半晌竇娘都沒回一個字,眼睛只是盯著郎中,似乎想看清楚郎中的靈魂,找尋其中有沒有一點打算加害犄角男孩的心思。
看著竇娘無聲無息的淚水,郎中有點難為情,周圍還有許多夥房裡做事的廚娘,生怕竇娘忍不住放聲大哭,隻好猛吞了一口口水,“呃...不如,本郎中過幾日再來。”說完麻溜的離開了夥房。
雖然視野裡已經沒了郎中的身影,竇娘仍舊是剛才的那個姿態,甚至是眼神都沒有移動半分,想著日後極少有機會見到乖張的犄角男孩,竇娘的心就像是失去了親生骨肉,那種無法割舍的母愛,正充斥在她的腦海裡。
攥緊雙手,不顧視線已經被淚水遮擋,快步走回了自己的住所,她想去多看一會兒犄角男孩,無論以後如何,此刻犄角男孩都是她的兒子!
在距離夥房不遠處,那裡有一片木屋是夥房廚娘的集中住所,竇娘快步走來,還沒進屋子,便看到傻呆呆坐在門口的女兒,“不是叫你跟著她一起送飯的嗎?你怎麽一個人先回來了?你弟弟呢?”
竇娘的臉上還飆著淚,對花兒說話的語氣飽含了責怪,而這一番話聽到花兒的耳朵裡,
實在是委屈,也和竇娘那樣,還沒開口說話,淚水早已從臉頰滑落,過了片刻才哭泣的說道:“他...他送去的是郎中院子,我們不能進去,原本我是打算在院子門外等候,可...我怕,我怕郎中告訴他,我不是他親姐姐。
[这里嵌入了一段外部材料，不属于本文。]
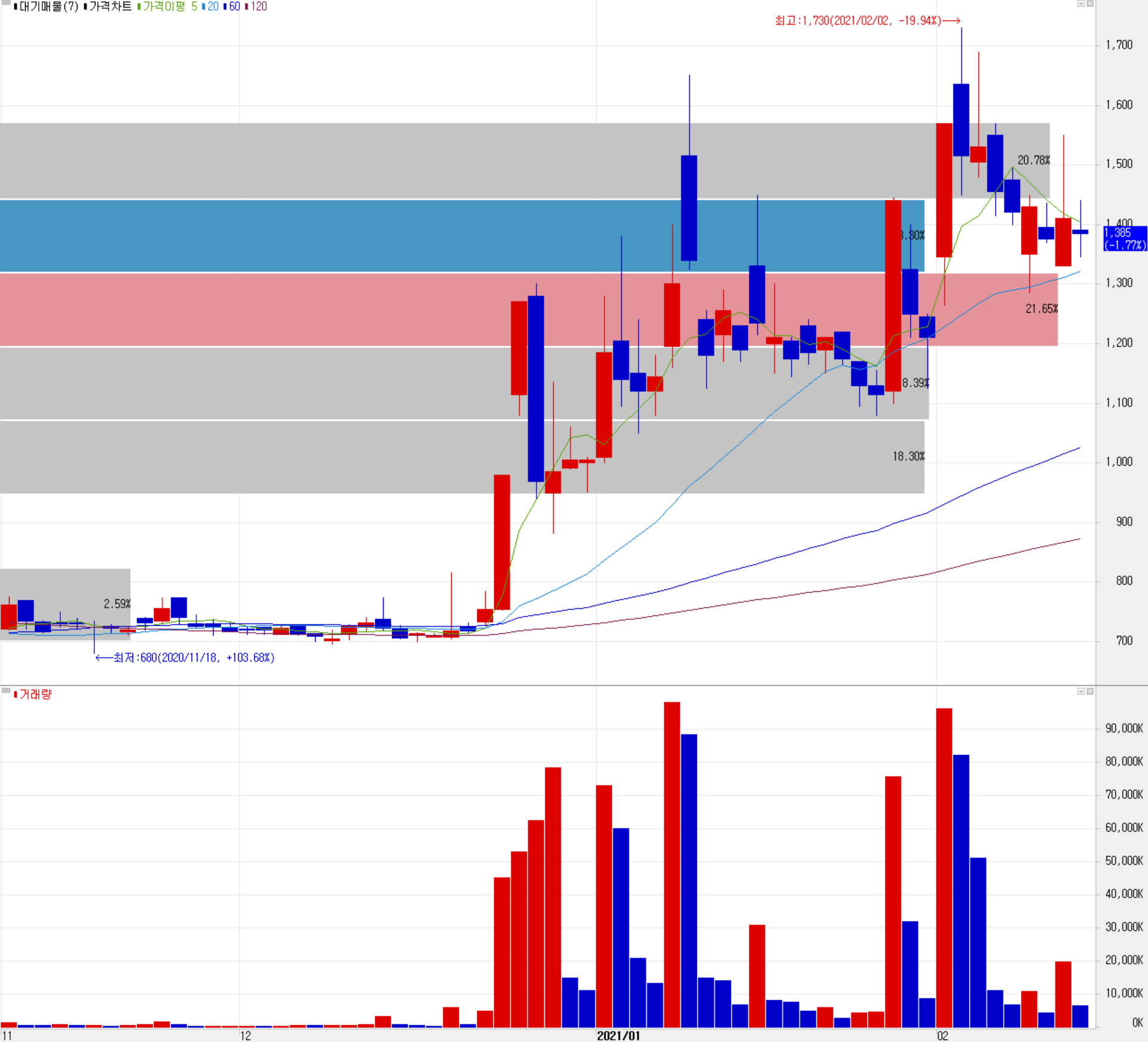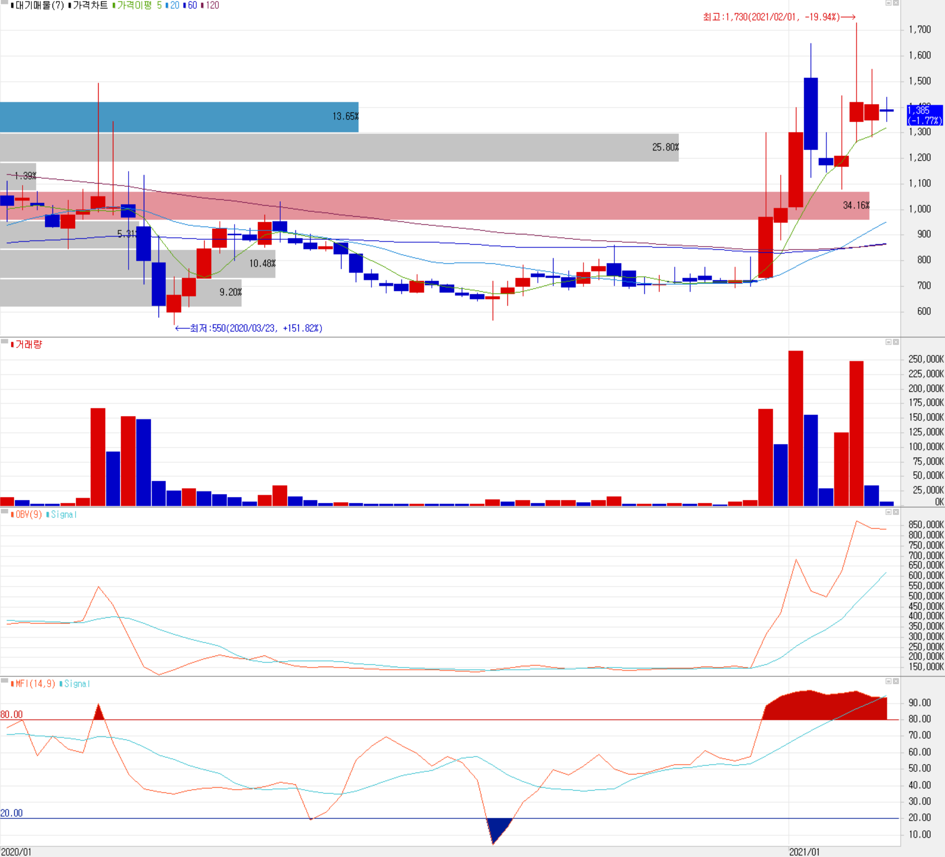 제가 주봉이나 월봉 차트를 볼 때 참조하는 OBV, MFI 지표입니다. 현재 MFI 지표상 90이 넘어 과매수 상태를 보여주고 있습니다. 회사 매각설이 가시화된 상태까지 감안한다면 중장기 관점을 갖기에는 아직 이른 종목으로 판단됩니다.

” 話語言盡,花兒坐在屋子門口,抱著膝蓋滔滔大哭,那種撕心裂肺的哭聲,傳播了很遠,但周圍的人並沒被驚動,有幾個婦人走來安慰,可別人又如何能懂竇娘母女的心情。
深感錯怪了自己的女兒,竇娘先擦掉自己臉上的淚珠,“以後不管他認不認我們,在我們娘倆的心裡,他就是我們親生的!”
竇娘母女倆的揪心,而犄角男孩則是躲在遠處,把花兒姐和竇娘的話語全部聽了進去,甚至周圍那些婦人勸慰的話語,也一並聽入耳中。
照理來說,四歲多的孩子,根本不會懂這些人情世故,可犄角男孩卻朦朧的懂得一些,在山寨裡有許多稀奇古怪模樣的廢孩,他們都是被親生父母拋棄的,回憶自己也被山寨裡的人稱呼為廢孩,結合剛才竇娘母女的話語,犄角男孩懂了,他...也是被人拋棄的。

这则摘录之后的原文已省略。